#### Exercise description:
Note each line in the data below that holds "werden", and copy it.

#### Available data:
================================
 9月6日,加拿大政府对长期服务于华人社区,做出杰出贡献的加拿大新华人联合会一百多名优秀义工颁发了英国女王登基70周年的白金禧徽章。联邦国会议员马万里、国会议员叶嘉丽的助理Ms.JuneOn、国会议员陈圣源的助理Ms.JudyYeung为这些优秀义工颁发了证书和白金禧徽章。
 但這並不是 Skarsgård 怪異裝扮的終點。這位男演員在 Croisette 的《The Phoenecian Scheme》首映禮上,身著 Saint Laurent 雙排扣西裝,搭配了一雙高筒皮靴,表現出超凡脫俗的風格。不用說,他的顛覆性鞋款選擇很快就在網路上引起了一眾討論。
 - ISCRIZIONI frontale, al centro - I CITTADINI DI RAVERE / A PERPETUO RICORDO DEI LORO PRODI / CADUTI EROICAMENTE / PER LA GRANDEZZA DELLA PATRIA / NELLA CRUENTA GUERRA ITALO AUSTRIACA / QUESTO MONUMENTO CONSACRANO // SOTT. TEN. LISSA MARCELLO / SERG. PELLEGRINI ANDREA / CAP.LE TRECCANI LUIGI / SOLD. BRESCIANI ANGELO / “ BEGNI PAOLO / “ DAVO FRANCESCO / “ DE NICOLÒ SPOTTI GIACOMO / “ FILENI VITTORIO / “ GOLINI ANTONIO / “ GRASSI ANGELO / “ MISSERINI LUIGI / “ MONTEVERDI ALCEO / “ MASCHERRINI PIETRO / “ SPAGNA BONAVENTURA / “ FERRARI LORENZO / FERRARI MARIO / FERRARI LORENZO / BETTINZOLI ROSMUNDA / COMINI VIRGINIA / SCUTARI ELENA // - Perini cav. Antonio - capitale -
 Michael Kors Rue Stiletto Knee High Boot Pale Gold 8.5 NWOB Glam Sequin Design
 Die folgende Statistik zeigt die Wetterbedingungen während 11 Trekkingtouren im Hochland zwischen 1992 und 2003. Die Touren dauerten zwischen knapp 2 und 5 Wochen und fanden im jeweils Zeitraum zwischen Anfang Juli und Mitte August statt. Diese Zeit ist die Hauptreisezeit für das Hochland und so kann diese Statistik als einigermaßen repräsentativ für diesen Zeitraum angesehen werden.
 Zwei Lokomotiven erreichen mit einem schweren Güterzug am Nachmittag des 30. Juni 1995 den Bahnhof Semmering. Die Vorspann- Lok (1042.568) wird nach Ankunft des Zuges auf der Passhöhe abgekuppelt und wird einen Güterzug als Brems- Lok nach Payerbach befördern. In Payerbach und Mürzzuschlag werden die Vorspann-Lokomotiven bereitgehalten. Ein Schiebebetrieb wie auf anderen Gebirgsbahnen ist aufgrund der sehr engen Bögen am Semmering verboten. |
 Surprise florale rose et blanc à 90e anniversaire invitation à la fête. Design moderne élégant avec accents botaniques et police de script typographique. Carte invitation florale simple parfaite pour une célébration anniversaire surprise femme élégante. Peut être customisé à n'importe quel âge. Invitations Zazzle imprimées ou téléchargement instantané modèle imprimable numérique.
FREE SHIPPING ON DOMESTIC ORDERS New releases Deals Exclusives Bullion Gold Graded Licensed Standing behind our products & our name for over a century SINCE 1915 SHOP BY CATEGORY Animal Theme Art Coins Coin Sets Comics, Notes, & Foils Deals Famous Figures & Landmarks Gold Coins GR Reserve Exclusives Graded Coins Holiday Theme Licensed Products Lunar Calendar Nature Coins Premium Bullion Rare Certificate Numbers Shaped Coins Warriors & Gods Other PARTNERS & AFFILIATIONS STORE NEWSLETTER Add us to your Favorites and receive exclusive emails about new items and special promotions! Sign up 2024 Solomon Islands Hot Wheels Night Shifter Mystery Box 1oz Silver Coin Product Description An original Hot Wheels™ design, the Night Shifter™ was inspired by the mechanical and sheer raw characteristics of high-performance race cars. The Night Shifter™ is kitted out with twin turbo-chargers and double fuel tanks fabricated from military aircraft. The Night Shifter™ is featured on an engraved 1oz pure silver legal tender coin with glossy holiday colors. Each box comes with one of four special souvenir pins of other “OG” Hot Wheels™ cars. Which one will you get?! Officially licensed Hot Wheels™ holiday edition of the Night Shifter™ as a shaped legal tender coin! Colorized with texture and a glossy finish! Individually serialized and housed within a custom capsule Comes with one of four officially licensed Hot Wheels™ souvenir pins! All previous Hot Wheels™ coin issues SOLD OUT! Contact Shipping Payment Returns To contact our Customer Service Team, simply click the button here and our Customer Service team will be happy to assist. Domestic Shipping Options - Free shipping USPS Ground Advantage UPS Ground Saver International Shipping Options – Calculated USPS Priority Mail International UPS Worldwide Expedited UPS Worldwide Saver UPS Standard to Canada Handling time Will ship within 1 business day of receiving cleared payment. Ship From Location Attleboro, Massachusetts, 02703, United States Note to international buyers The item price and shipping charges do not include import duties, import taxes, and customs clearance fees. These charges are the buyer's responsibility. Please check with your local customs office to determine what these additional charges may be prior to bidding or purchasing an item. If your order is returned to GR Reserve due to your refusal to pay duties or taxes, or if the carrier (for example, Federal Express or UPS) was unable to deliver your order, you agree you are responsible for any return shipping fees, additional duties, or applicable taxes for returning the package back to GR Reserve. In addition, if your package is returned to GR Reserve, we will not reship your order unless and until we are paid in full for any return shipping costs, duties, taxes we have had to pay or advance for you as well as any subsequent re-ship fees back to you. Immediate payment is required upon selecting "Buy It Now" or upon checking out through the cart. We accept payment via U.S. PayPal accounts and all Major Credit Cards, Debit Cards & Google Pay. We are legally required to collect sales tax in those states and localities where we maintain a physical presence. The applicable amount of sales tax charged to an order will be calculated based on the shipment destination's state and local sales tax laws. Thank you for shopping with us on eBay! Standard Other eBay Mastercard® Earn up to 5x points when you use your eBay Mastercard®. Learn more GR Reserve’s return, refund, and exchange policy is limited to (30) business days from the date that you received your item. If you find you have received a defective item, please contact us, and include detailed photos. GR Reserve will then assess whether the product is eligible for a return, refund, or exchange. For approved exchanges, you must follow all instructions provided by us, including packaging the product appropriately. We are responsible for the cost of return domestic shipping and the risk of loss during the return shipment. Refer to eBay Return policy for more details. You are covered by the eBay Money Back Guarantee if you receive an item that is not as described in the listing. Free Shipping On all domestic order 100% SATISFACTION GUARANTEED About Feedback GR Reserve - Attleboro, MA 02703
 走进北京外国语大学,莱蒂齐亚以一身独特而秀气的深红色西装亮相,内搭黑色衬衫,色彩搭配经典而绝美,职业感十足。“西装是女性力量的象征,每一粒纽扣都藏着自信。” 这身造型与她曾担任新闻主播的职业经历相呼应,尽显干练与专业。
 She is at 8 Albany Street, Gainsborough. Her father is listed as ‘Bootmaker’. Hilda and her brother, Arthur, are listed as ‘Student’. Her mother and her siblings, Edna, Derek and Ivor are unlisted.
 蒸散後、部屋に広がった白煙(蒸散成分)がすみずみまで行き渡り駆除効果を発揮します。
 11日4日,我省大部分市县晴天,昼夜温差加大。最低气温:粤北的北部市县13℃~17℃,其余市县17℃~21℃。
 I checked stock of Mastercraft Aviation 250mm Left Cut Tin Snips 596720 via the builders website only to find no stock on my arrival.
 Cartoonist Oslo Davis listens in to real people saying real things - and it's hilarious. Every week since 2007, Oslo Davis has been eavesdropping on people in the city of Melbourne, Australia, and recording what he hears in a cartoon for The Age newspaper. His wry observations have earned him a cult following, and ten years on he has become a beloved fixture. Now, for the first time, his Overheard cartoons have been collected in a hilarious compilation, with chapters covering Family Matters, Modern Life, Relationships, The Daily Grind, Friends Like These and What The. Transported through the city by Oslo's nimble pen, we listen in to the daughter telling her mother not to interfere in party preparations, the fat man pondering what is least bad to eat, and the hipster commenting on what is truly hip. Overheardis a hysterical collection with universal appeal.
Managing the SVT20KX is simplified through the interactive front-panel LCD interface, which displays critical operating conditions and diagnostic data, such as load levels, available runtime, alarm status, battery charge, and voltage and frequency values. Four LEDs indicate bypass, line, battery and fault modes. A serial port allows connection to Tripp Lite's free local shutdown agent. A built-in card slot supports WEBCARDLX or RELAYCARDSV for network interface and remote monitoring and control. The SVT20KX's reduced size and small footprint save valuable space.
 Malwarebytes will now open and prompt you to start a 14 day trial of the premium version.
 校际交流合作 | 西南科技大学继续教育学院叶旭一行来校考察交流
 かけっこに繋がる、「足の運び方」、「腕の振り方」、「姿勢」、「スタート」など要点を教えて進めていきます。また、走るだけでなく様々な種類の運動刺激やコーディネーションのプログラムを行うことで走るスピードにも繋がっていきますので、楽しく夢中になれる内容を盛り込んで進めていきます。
================================
#### Expected answer:
 Die folgende Statistik zeigt die Wetterbedingungen während 11 Trekkingtouren im Hochland zwischen 1992 und 2003. Die Touren dauerten zwischen knapp 2 und 5 Wochen und fanden im jeweils Zeitraum zwischen Anfang Juli und Mitte August statt. Diese Zeit ist die Hauptreisezeit für das Hochland und so kann diese Statistik als einigermaßen repräsentativ für diesen Zeitraum angesehen werden.
 Zwei Lokomotiven erreichen mit einem schweren Güterzug am Nachmittag des 30. Juni 1995 den Bahnhof Semmering. Die Vorspann- Lok (1042.568) wird nach Ankunft des Zuges auf der Passhöhe abgekuppelt und wird einen Güterzug als Brems- Lok nach Payerbach befördern. In Payerbach und Mürzzuschlag werden die Vorspann-Lokomotiven bereitgehalten. Ein Schiebebetrieb wie auf anderen Gebirgsbahnen ist aufgrund der sehr engen Bögen am Semmering verboten. |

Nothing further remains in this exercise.